• TASK DIRECTIONS:
Where a picture shows up in the listing below, omit it and output the rest exactly.

• DATA EXCERPT:
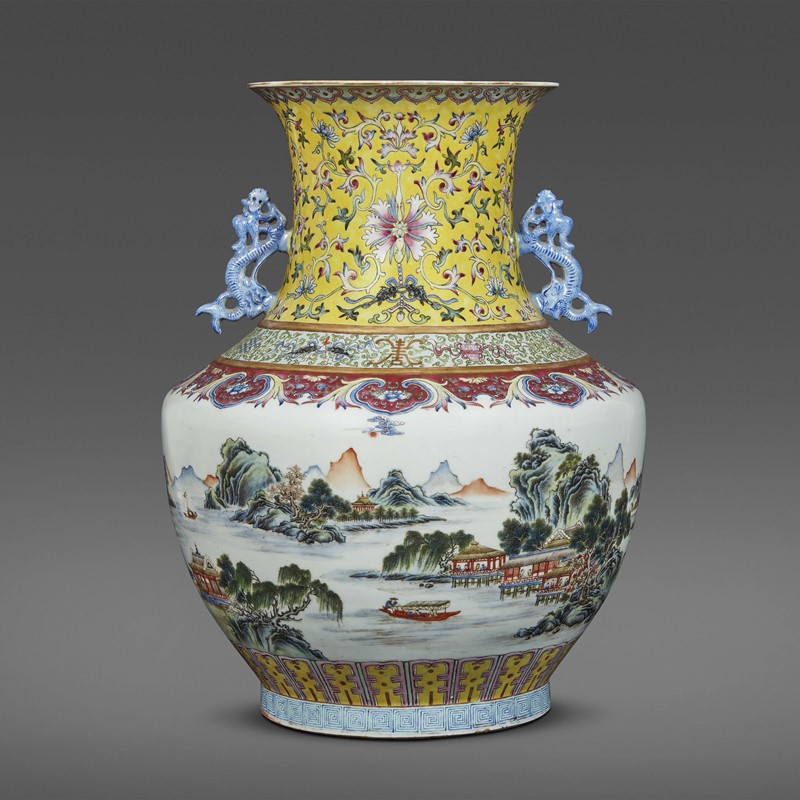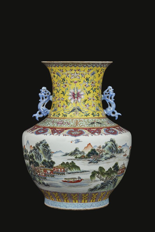 polychrome porcelain famille rose HU-shaped, finely painted vase with mountain and lake landscape, open bulidings, trees and a bridge with people crossing it. Above the landscape there are brunches and leaves framed by ruby red Ruyi heads. The belt on the neck, within gilt cartouches, is decorated with the “eight treasures” decorative motif and lucky-charm ideograms. On the neck, enameled in yellow there are freely painted flowers, branches and leaves; blue dragon-shaped handles. Marked Qianlong under the base.
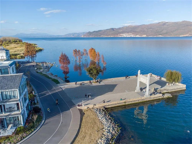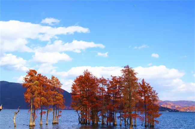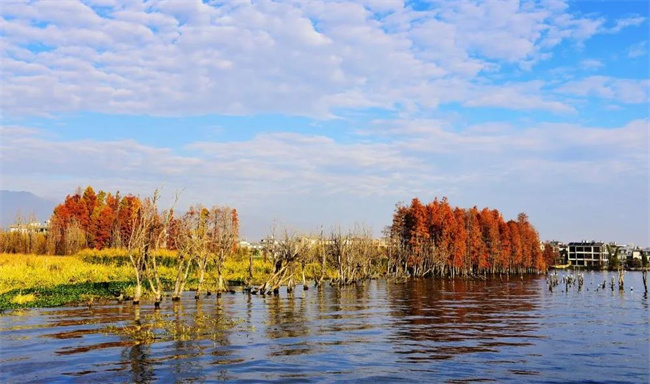 看北側(cè)洱海邊上嬌艷似火的紅杉
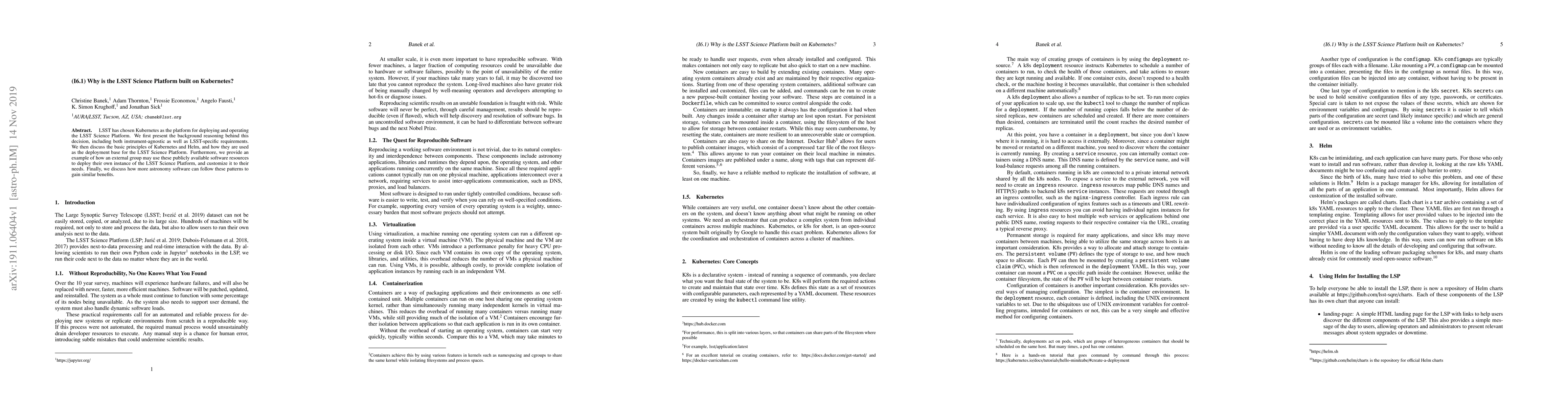 The LSST Science Platform leverages Kubernetes for deployment due to its flexibility and scalability, meeting both general and LSST-specific requirements. Kubernetes and Helm facilitate the platform's deployment and customization, enabling external groups to replicate and adapt it for their own use.
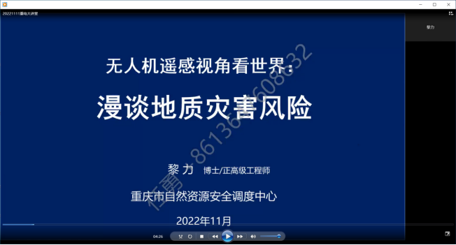 为营造良好科研氛围,推动pg国际科研工作迈上新台阶,11月11日,重庆市自然资源安全调度中心黎力博士应pg国际智能制造与汽车学院邀请,开展了“无人机遥感视角看世界:漫谈地质灾害风险”的专题讲座,由于疫情原因,本次重电大讲堂活动通过腾讯会议举行,共有150余名师生参加了本次讲座。

• REPLY TO THE EXERCISE:
 polychrome porcelain famille rose HU-shaped, finely painted vase with mountain and lake landscape, open bulidings, trees and a bridge with people crossing it. Above the landscape there are brunches and leaves framed by ruby red Ruyi heads. The belt on the neck, within gilt cartouches, is decorated with the “eight treasures” decorative motif and lucky-charm ideograms. On the neck, enameled in yellow there are freely painted flowers, branches and leaves; blue dragon-shaped handles. Marked Qianlong under the base.
 看北側(cè)洱海邊上嬌艷似火的紅杉
 The LSST Science Platform leverages Kubernetes for deployment due to its flexibility and scalability, meeting both general and LSST-specific requirements. Kubernetes and Helm facilitate the platform's deployment and customization, enabling external groups to replicate and adapt it for their own use.
 为营造良好科研氛围,推动pg国际科研工作迈上新台阶,11月11日,重庆市自然资源安全调度中心黎力博士应pg国际智能制造与汽车学院邀请,开展了“无人机遥感视角看世界:漫谈地质灾害风险”的专题讲座,由于疫情原因,本次重电大讲堂活动通过腾讯会议举行,共有150余名师生参加了本次讲座。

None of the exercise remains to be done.